Republicans and Democrats believe the Federal Reserve’s Municipal Liquidity Facility was initially useful to the market, though are at odds over the future of the program set to expire at the end of this year.
In a fifth report from the Congressional Oversight Commission released Thursday, lawmakers disagreed on a partisan basis whether to extend the program, on pricing, and if the Fed really should be acting as a lender of last resort during the pandemic. The MLF did calm markets and provide a backstop when it was first created, the commission said, adding that all investment-grade issuers have access to the capital market.
“However, the MLF is not fiscal stimulus and macroeconomic conditions remain strained relative to the start of the year,” the commission added.
The commission is charged with overseeing the Fed and Treasury’s response to the pandemic.
The Fed launched the MLF as part of the CARES Act, a coronavirus relief package that was enacted in March. The Fed has said the MLF pricing was meant to be used as a backstop for borrowers. It is open to counties with populations of 500,000 or more and cities of 250,000 or more. In June, the central bank allowed U.S. states to be able to have at least two cities or counties eligible to directly issue notes regardless of population. Governors of each state are also able to designate two issuers whose revenues are derived from activities such as public transit and tolls.
The MLF began operating in May and unless extended will end on Dec. 31, 2020.
Members Rep. Donna Shalala, D- Fla., and Commissioner Bharat Ramamurti said a “premature expiration” of the MLF could create risks to market stability.
“Commissioner Ramamurti believes the facility’s duration should be extended immediately, particularly as municipal bond yields recently increased by 10 basis points when negotiations over an additional stimulus package stalled,” the report said.
Muni yields were up as much as 10 basis points the previous week, as investors grew increasingly cautious over the political impasse.
However, members Sen. Pat Toomey, R-Pa., and Rep. French Hill, R-Ark, said interest rates for state and local governments seeking three-year loans are below pre-pandemic rates for bonds rated A- or higher.
The Fed repeatedly said it intended its various new programs to be a backstop for financial markets, though some lawmakers also said the Fed was inappropriately more generous with its pricing to private entities.

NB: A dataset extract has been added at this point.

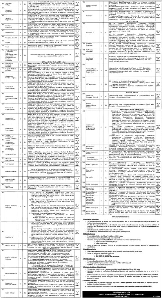 DepartmentNawaz Sharif Institute of Cardiology NSIC Jobs 2026

For example, the Fed’s Secondary Market Corporate Credit Facility buys bonds from corporations at ordinary market prices, without a markup or penalty, they said. The SMCCF was created in March to purchase corporate bonds by investment-grade companies in the secondary market.
“In their view, the Federal Reserve cannot have one mission for helping private entities while taking a different and narrower view for state and local governments,” the report said.
Nowhere in the CARES Act, the Federal Reserve Act and Dodd-Frank Act is the term “lender of last resort”, Ramamurti and Shalala said.
“While the MLF is not a substitute for direct aid, they believe the Federal Reserve’s stringent interpretation of its mandate with respect to state and local governments makes the MLF ‘excessively punitive’ toward municipal issuers,” the Democratic lawmakers said.
The Fed also accepts a lower rate of return from certain private borrowers while imposing a higher one on state and local governments that have the same or better credit quality, Ramamurti and Shalala said.
Through the SMCFF, the Fed bought a bond from Chevron at a 0.9% rate compared to Wisconsin which has the same credit rating as Chevron but has to pay 1.28%, Ramamurti said.
Toomey and Hill said the vast majority of state and local issuers have access to the market at low-interest rates.
So far just Illinois and the New York Metropolitan Transportation Authority have accessed the MLF. The commission said others have expressed interest such as Hawaii, New Jersey, New York’s Suffolk County, and the Port Authority of New York and New Jersey.